Segment Start: The data

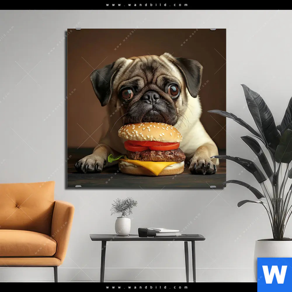 Alu-Dibond Bild | Mops mit Cheeseburger | Quadrat
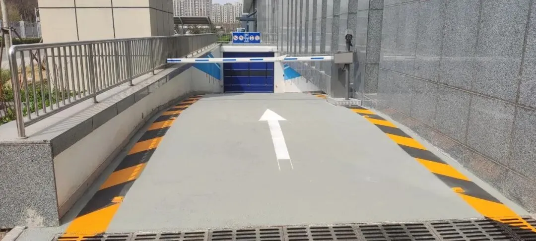 此处为地库进口。请所有车辆停入地库。该入口设置了进口指示牌,防滑坡道,交通道闸以及卷帘门,有权限进入地库的教职工驾车下坡请注意减速,通过道闸后卷帘门会自动升起。东西区车库权限互通,已录入系统的车辆无需重新录入。
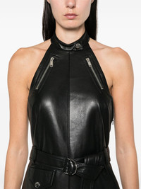 Minnow midi dress Highlights - Black - Leather - Smooth grain - Concealed side zip fastening - Halterneck - Sleeveless - Zip details - Detachable waist belt - Front flap pocket - Open back - Rear slit - Full lining - Column silhouette - Straight hem - Mid-length Imported Composition Outer: Polyurethane 100%, Polyester 100% Lining: Bonded Leather 100%, Polyester 80%, Polyamide 20% SIZE & FIT Model measurements Height 5 ft 10 in(1.78 m) Bust/Chest 33.46 in(85 cm) Hips 36.22 in(92 cm) Waist 23.22 in(59 cm) FittingInformation Designed for a slim fit that sits just away from the body offering a close yet comfortable fit Soft leather has a supple and smooth construction offering some flexibility

Segment End: The data

All lines from the beginning of the material above through the line holding "此处为地库进口。请所有车辆停" are to be given again exactly, and no others; pictures do not go in.

 Alu-Dibond Bild | Mops mit Cheeseburger | Quadrat
 此处为地库进口。请所有车辆停入地库。该入口设置了进口指示牌,防滑坡道,交通道闸以及卷帘门,有权限进入地库的教职工驾车下坡请注意减速,通过道闸后卷帘门会自动升起。东西区车库权限互通,已录入系统的车辆无需重新录入。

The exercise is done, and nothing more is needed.